The exterior of the building is clad with chamferboard. It is high set on concrete stumps with centrally placed front steps leading to a partially open front verandah. The exposed framing is a feature of the front verandah with the right end wall and part of the front enclosed with weatherboard. The remainder of the verandah has simple broomstick balustrading. The original front door remains in situ. It is a heavy timber panelled door which retains its original latch.
The size of the central room is. The timber floor boards throughout the building are wide as are the walls and ceiling boards. The ceiling in the original room is flat and slopes away to the front and rear to meet the walls. Ventilation is provided in the ceiling by a centrally placed latticed vent and by means of moveable floor vents situated at the base of the front wall. Cross ventilation is provided by casement windows on the north and south walls. Each pair of casements has a three paned hopper above, which can be opened. Fittings on the windows on the southern wall are original.
Access to the enclosed rear verandah is through a wide archway cut in the rear wall of the central room. The interior walls of the back verandah have been lined with fibro and hopper windows installed in the north and south walls. The tongue and groove ceilings on both verandahs slope down in line with the fall of the main ceiling. The original back door, constructed of tongue and groove boards retains some of its early fittings. The rear steps appear original and lead to a small landing.

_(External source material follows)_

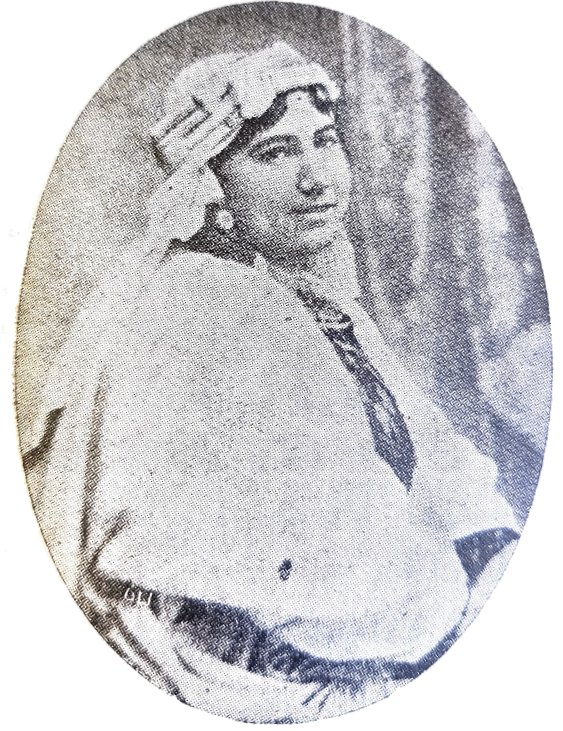 Egyptian writer Malak Hifni Nasif.

The remains of two tank stands are located outside the building on the southern wall and the original drinking trough and hand basin are in their original position under the building. A more modern toilet block has been constructed under the rear of the building. The grounds contain plantings of introduced trees such as tamarind and frangipanni. The reserve is dotted with gum trees, a Norfolk Island pine and some Burdekin plums. The grounds are enclosed with cyclone wire fencing.

Heritage listing

The former Picnic Bay State School was listed on the Queensland Heritage Register on 4 June 1996 having satisfied the following criteria.
The place is important in demonstrating the evolution or pattern of Queensland's history.
The former school is significant for its relationship to a period of early tourism and settlement on Magnetic Island and to a growth in public concern for education, in the first few decades of the 20th century.
The place is important in demonstrating the principal characteristics of a particular class of cultural places.
The building is significant also as a regional example of a one-roomed school structure, typical of the period, in remote areas of Queensland.